SUPPLIED INFORMATION »
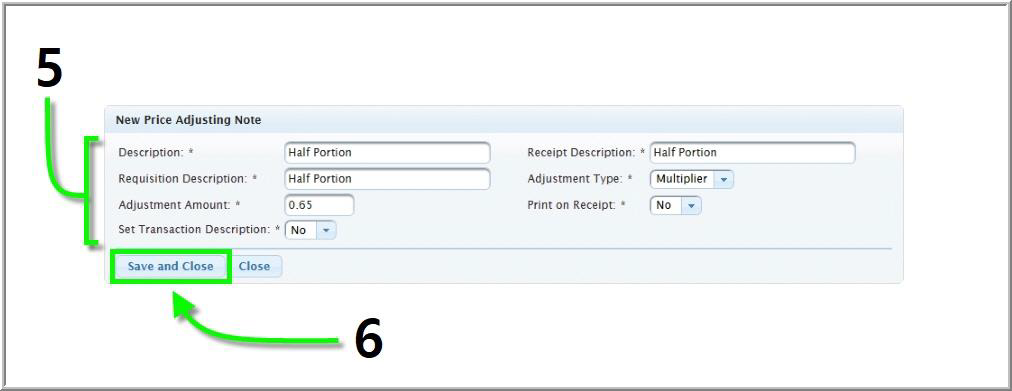- Print on Receipt – Choose if the note description and price adjustment should appear on customer receipts.
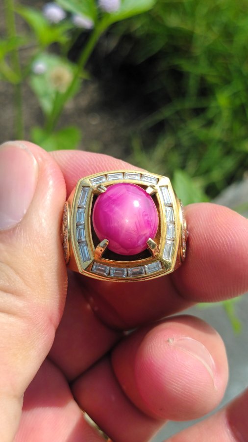 Cần bán nhẫn nam vàng 10k 416 thiết kế full kim cương Moissantie chủ đá ruby sao TL vàng chưa đá 3chi12 size 21mm giá trên
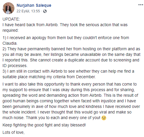 Saleque daha sonra yaptığı açıklamada Airbnb yetkililerinin kendisinden özür dilediğini ve ev sahibinin siteye erişiminin engellendiğini söyledi.
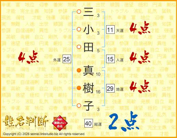 三小田真樹子さんの地運は29画の4点!

WHAT NEEDS TO BE DONE »
Only the lines from where the data begins to the line with "Saleque daha sonra", both of them included, should be reproduced word for word; no pictures.

SOLUTION »
- Print on Receipt – Choose if the note description and price adjustment should appear on customer receipts.
 Cần bán nhẫn nam vàng 10k 416 thiết kế full kim cương Moissantie chủ đá ruby sao TL vàng chưa đá 3chi12 size 21mm giá trên
 Saleque daha sonra yaptığı açıklamada Airbnb yetkililerinin kendisinden özür dilediğini ve ev sahibinin siteye erişiminin engellendiğini söyledi.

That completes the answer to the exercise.